— Task item —
Exactly the lines from the beginning of the listing below through the line that contains "在结业汇报上,学生们分组呈现" should be transcribed, and pictures must stay out.

— Collected material —

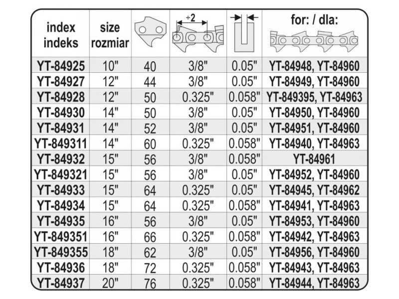 The YATO guides are designed for home and professional use. They are dedicated to work aroundó3 the house, in the garden. They are also successfully suitable for tree felling work. It is suggested to use the guides with chains YATO YT-84948 or YT-84960. It is also possible to use them with chains from other manufacturersós.
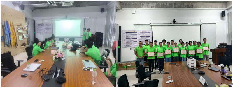 在结业汇报上,学生们分组呈现了实习期间在工艺优化、绿色生产等领域的实践成果与专业收获。公司执行副总林汉彬给予了高度评价:“尽管只是大一学生,但同学们展现出的卓越学习能力、创新思维和钻研精神令人印象深刻,这充分展现了新一代轻工人才的巨大发展潜力!”带队教师张金伟总结指出:“这次实习不仅让同学们收获了宝贵的实践经验,更重要的是培养了产业视角。希望大家以此为起点,继续保持对行业前沿的探索热情,将理论知识与实践创新相结合,在绿色制造、智能制造等方向持续深耕,未来成为引领行业发展的复合型人才。”
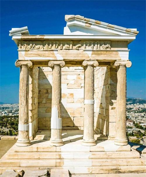 作为古希腊建筑的代表作,雅典卫城达到了古希腊圣地建筑群、庙宇、柱式和雕刻的超高水平。帕特农神庙是卫城内超大的、建筑时间很早的建筑,供奉智慧女神雅典娜,在古希腊神话中,智慧女神雅典娜是城市的守护神,雅典的名称也由此而来。

— Task answer —
 The YATO guides are designed for home and professional use. They are dedicated to work aroundó3 the house, in the garden. They are also successfully suitable for tree felling work. It is suggested to use the guides with chains YATO YT-84948 or YT-84960. It is also possible to use them with chains from other manufacturersós.
 在结业汇报上,学生们分组呈现了实习期间在工艺优化、绿色生产等领域的实践成果与专业收获。公司执行副总林汉彬给予了高度评价:“尽管只是大一学生,但同学们展现出的卓越学习能力、创新思维和钻研精神令人印象深刻,这充分展现了新一代轻工人才的巨大发展潜力!”带队教师张金伟总结指出:“这次实习不仅让同学们收获了宝贵的实践经验,更重要的是培养了产业视角。希望大家以此为起点,继续保持对行业前沿的探索热情,将理论知识与实践创新相结合,在绿色制造、智能制造等方向持续深耕,未来成为引领行业发展的复合型人才。”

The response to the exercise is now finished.